Exercise aim: Using the listing below, copy exactly each line from the one that has "找到:monaco-work" through the one that has "Torrid Textured knit"; omit the pictures.

Records:
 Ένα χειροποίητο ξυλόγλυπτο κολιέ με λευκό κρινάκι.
* * *
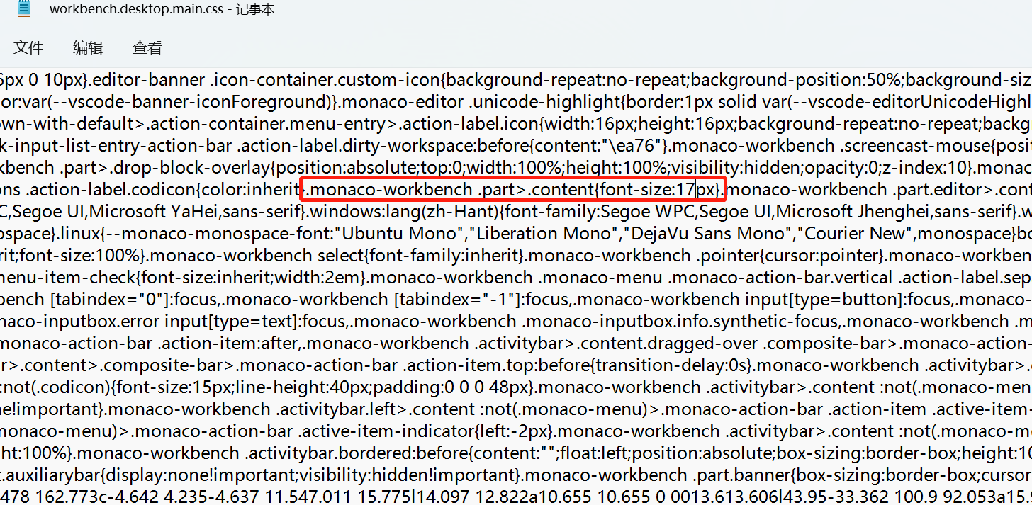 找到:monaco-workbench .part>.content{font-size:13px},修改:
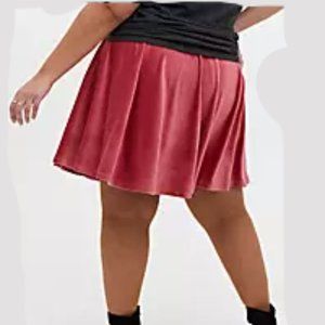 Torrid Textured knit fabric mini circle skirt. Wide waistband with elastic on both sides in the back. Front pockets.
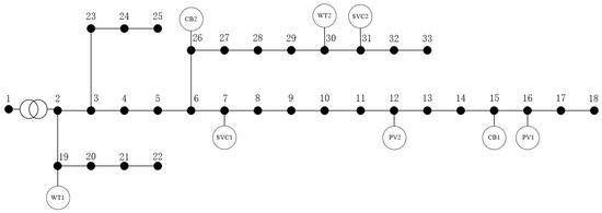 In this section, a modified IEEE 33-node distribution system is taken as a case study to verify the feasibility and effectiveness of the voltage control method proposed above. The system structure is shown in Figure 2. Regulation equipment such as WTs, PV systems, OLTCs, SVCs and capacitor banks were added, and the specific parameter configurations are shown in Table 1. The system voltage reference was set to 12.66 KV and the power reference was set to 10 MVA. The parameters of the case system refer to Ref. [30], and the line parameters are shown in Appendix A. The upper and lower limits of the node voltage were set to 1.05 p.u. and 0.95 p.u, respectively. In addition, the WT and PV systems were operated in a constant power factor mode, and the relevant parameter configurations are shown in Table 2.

Exercise solution:
 找到:monaco-workbench .part>.content{font-size:13px},修改:
 Torrid Textured knit fabric mini circle skirt. Wide waistband with elastic on both sides in the back. Front pockets.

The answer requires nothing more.